§ **What is being asked**
Leave out the pictures, then output the lines of the records below from the first through the one containing "А как ты думаешь, о".

§ **Data under study**
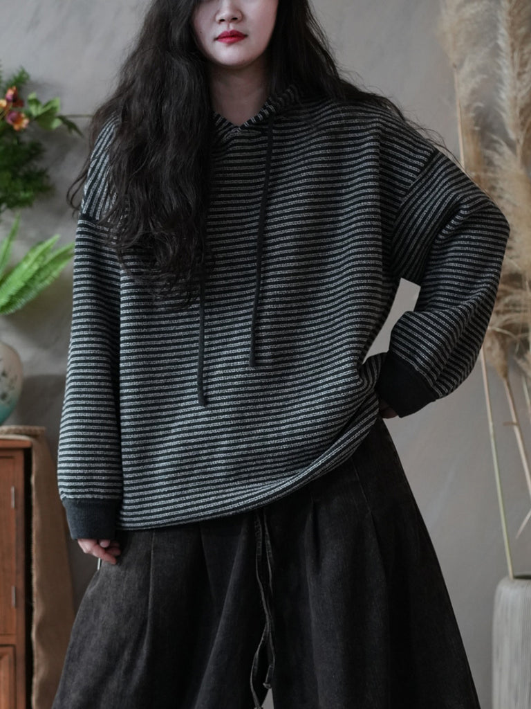 Ženska zimska ležerna prugasta majica s kapuljačom
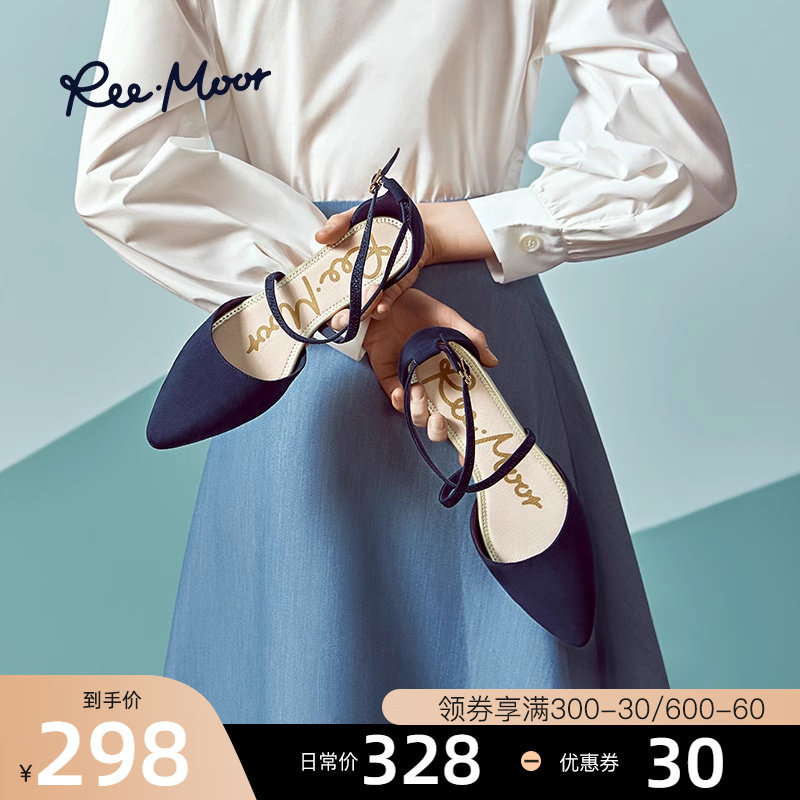 reemoor睿慕2023年新款夏季法式尖头仙女风气质绑带平底鞋凉鞋女
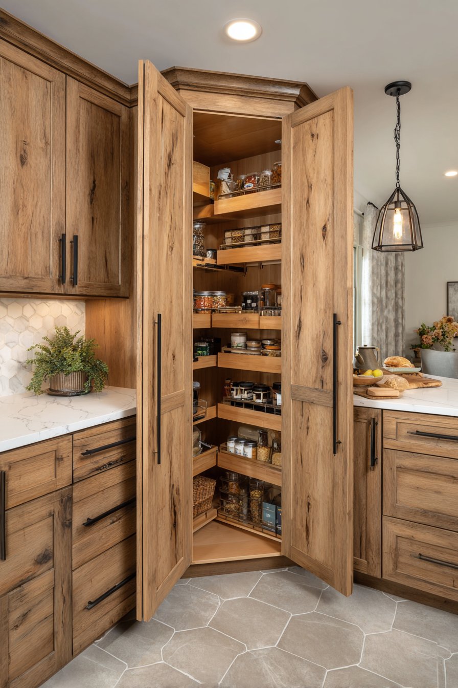 The organizational systems featured across these designs address real-world storage challenges. Pull-out shelves eliminate digging through deep cabinet interiors. Lazy Susan corners make previously inaccessible spaces functional. Vertical dividers organize flat items efficiently. These solutions demonstrate that proper organization systems matter more than total square footage.
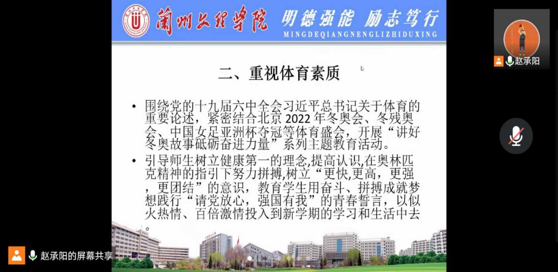 春回大地万物长,风正帆扬再启航。2022年3月17日,体育平台官网21级思想政治教育班通过腾讯会议App,线上开展“开学思政第一课”主题班会。本次活动由21级思想政治教育班班主任任玥老师主持,21级思想政治教育班全体同学参加。
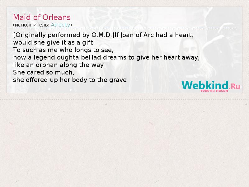 А как ты думаешь, о чем песня "Maid of Orleans" ?
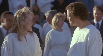 Albert Brooks is a very smart writer. He wouldn't create your typical Hollywood love story and send it through the recycling machine. His approach to love in this film is totally random, somewhat sporadic, but yet honestly real. There is a mystery between he and Meryl Streep's relationship. That is what I loved so much about them. Typically in films of this nature you have this elaborate story of how two people meet, they fall in love, they fight, and suddenly discover that their passion is stronger than ever before (normally due to some unforeseen ... or clichéd moment), but not in this film. Brooks approaches love as if it already exists. He hints towards the notion that these two may have been in Judgment City before, that maybe they have already had their awkward courtship, that maybe the climactic cliché has already happened, and now they are just rediscovering themselves. Brooks sets this up with Streep's first lines, which are simply, "Haven't we met before?" While this may not seem like it is that exciting, the fact that they are in Judgment City after dying, and two random people recognize each other is heartwarming. I was immediately attached to these two characters from the moment they met in the Comedy Club. Their emotions didn't seem created by Hollywood, but instead created by the brilliant craftsmanship of Brooks' words. If you aren't connected to the courtroom antics of this film, than the spark that Streep creates with Brooks will surely keep you grounded for good.
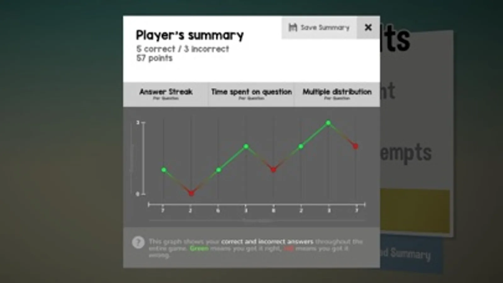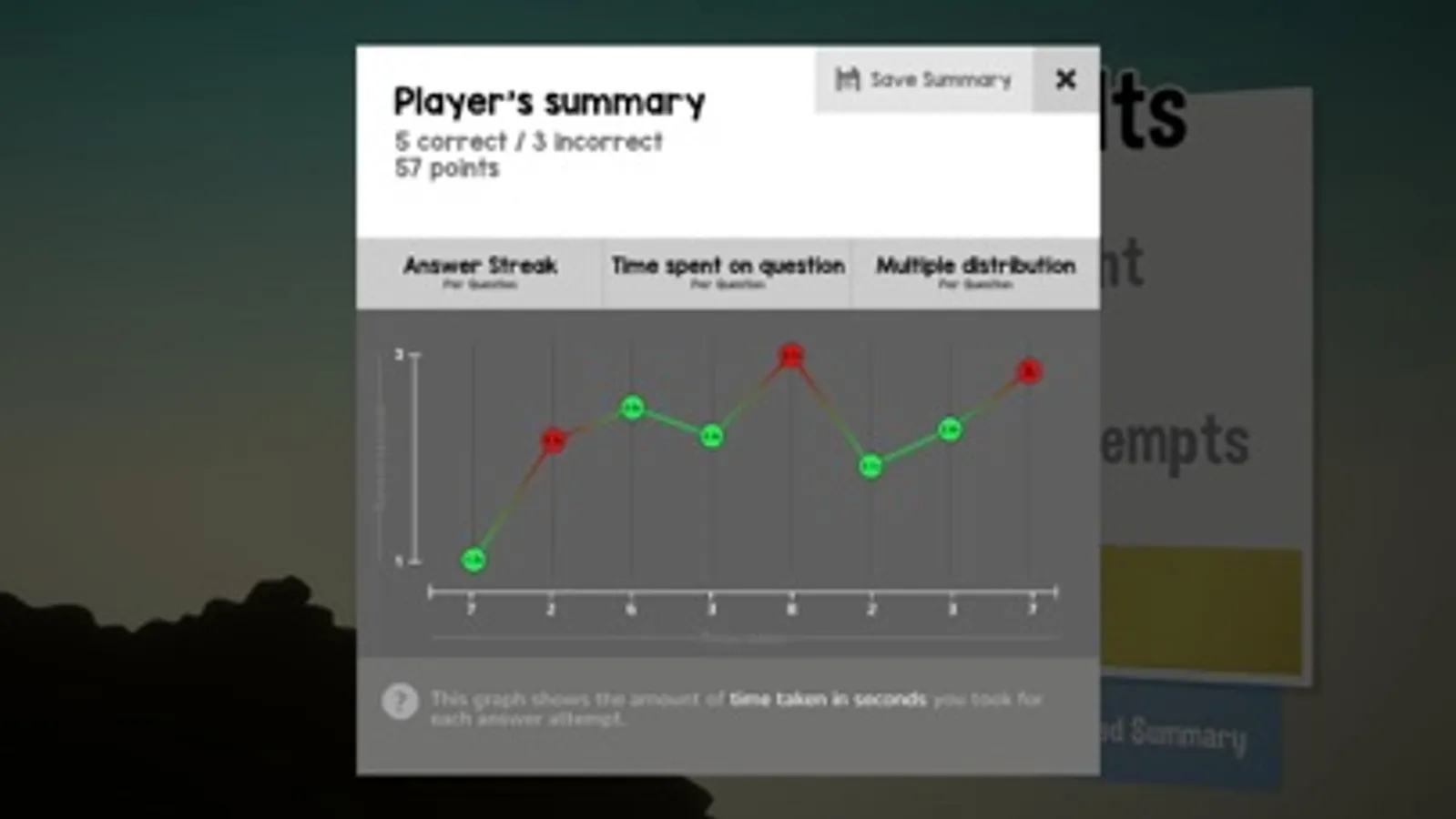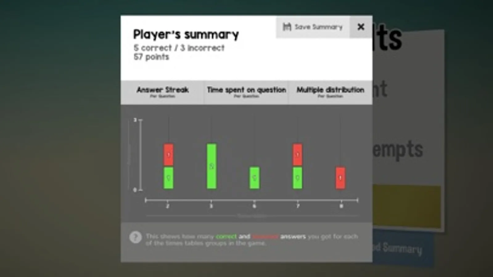 At the end of each game, you can choose to see a detailed summary of the run which will have information presented in a range of graphs allowing you to track the speed of recall and will highlight any particularly troublesome multiplication tables for the child playing.
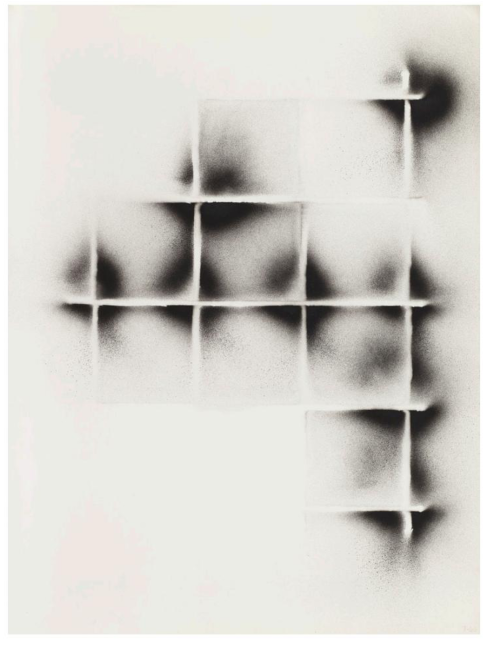 In 1966, New York-based artist Gerald Hayes experimented with the unusual technique of spray paint. He created abstract compositions using discarded commercial packaging and vaporized pigment.
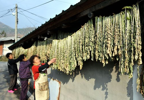 작성자가 글과 함께 올린 사진을 보면 삶은 시래기가 아파트 계단 난간을 끝없이 줄이어 걸려 있다.
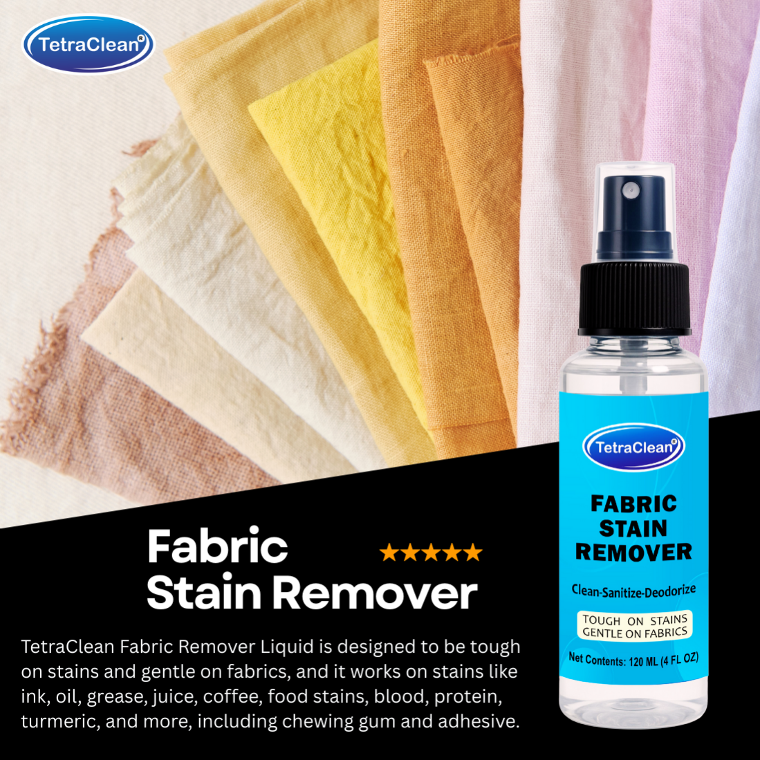 This powerful yet gentle solution is safe for daily use on cotton, wool, silk, polyester, and blends. Unlike harsh chemical cleaners, TetraClean Fabric Stain Remover is eco-friendly, non-toxic, and biodegradable, making it safe for both fabrics and the environment.
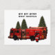 Cartões de Natal do bombeiro com o Papai Noel entregando presentes fora de um caminhão de bombeiros e citação engraçada.
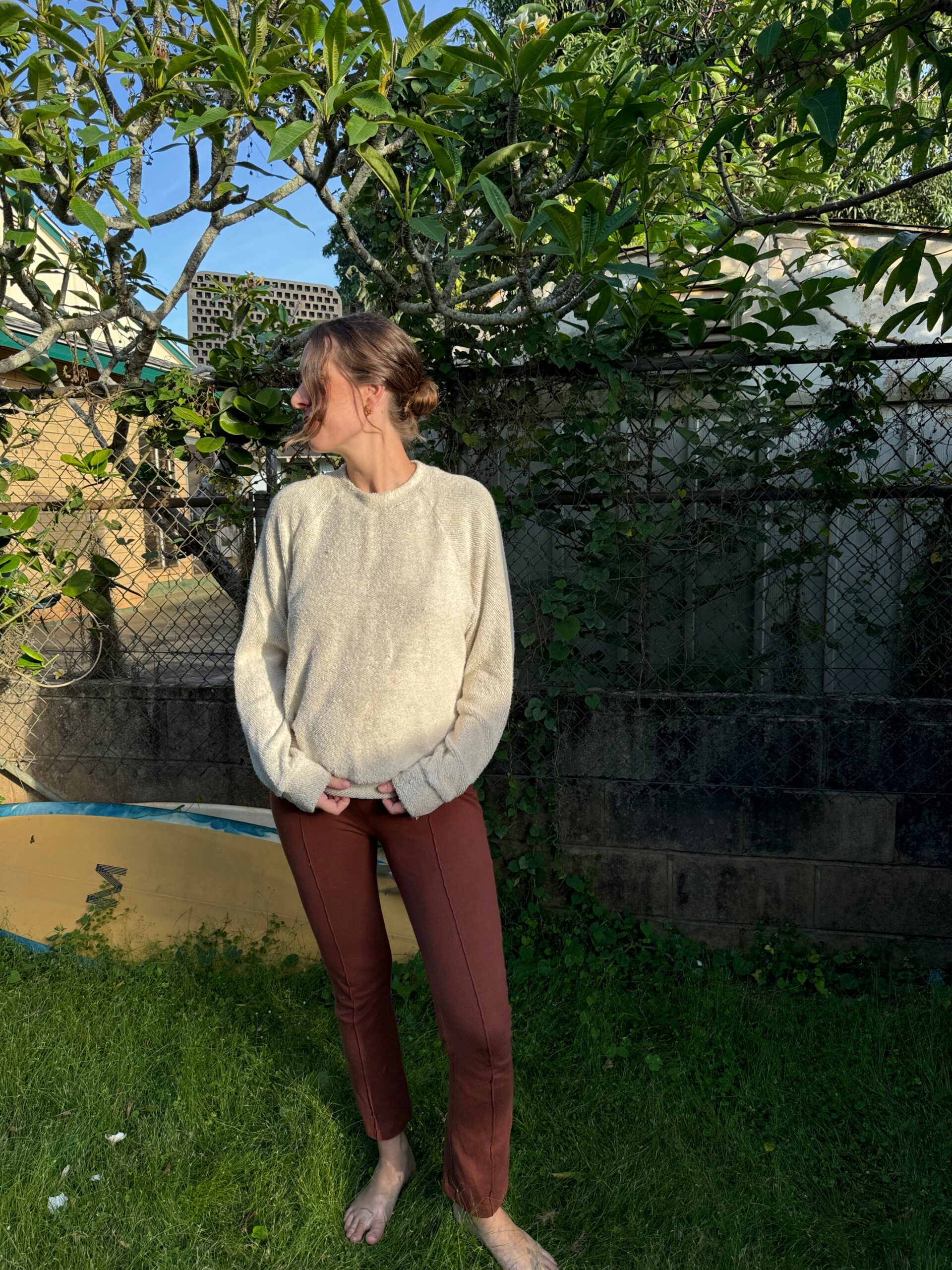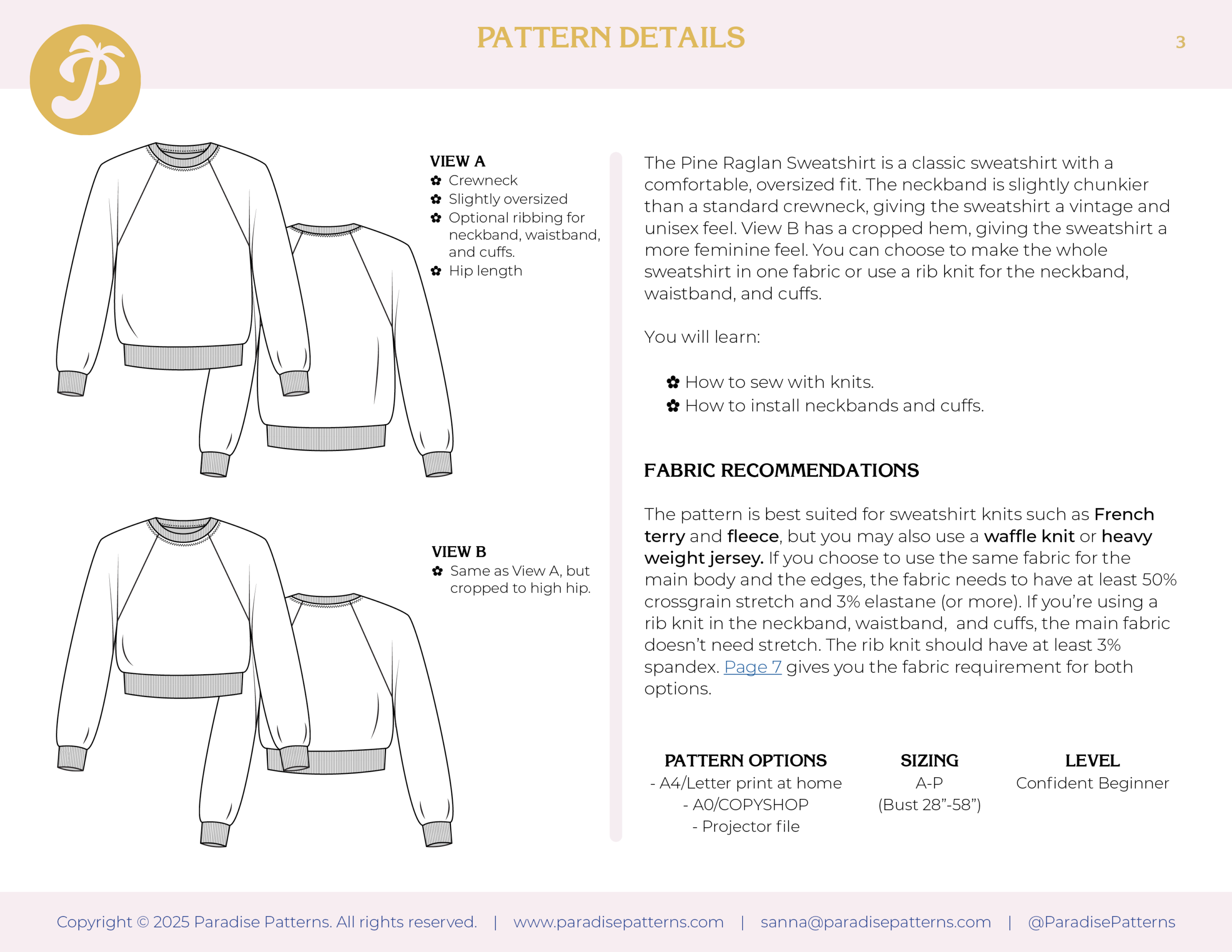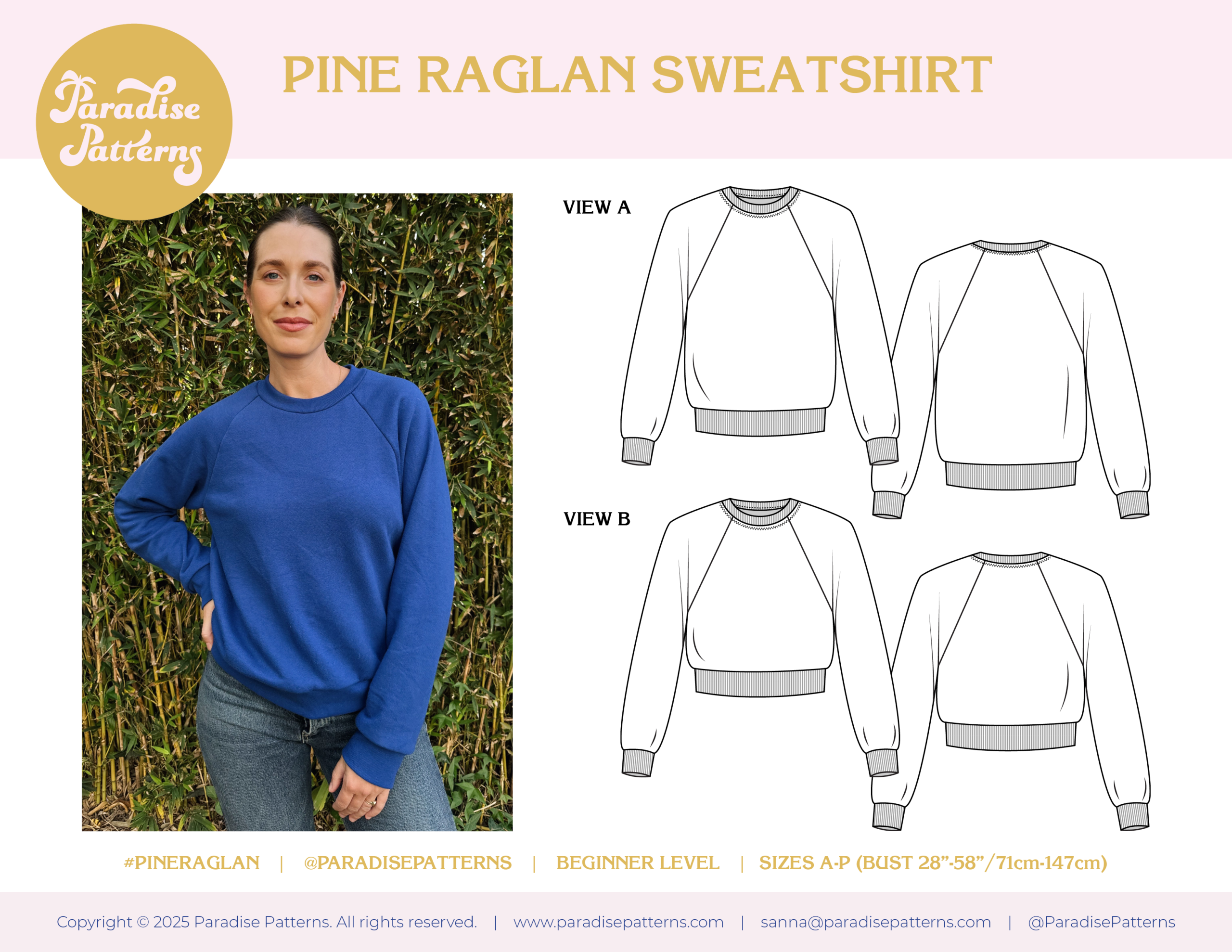 The Pine Raglan Sweatshirt is a classic sweatshirt with a comfortable, oversized fit. The neckband is slightly chunkier than a standard crewneck, giving the sweatshirt a vintage and unisex feel. View B has a cropped hem, giving the sweatshirt a more feminine feel. You can choose to make the whole sweatshirt in one fabric or use a rib knit for the neckband, waistband, and cuffs.ย

§ **Response below**
 Ženska zimska ležerna prugasta majica s kapuljačom
 reemoor睿慕2023年新款夏季法式尖头仙女风气质绑带平底鞋凉鞋女
 The organizational systems featured across these designs address real-world storage challenges. Pull-out shelves eliminate digging through deep cabinet interiors. Lazy Susan corners make previously inaccessible spaces functional. Vertical dividers organize flat items efficiently. These solutions demonstrate that proper organization systems matter more than total square footage.
 春回大地万物长,风正帆扬再启航。2022年3月17日,体育平台官网21级思想政治教育班通过腾讯会议App,线上开展“开学思政第一课”主题班会。本次活动由21级思想政治教育班班主任任玥老师主持,21级思想政治教育班全体同学参加。
 А как ты думаешь, о чем песня "Maid of Orleans" ?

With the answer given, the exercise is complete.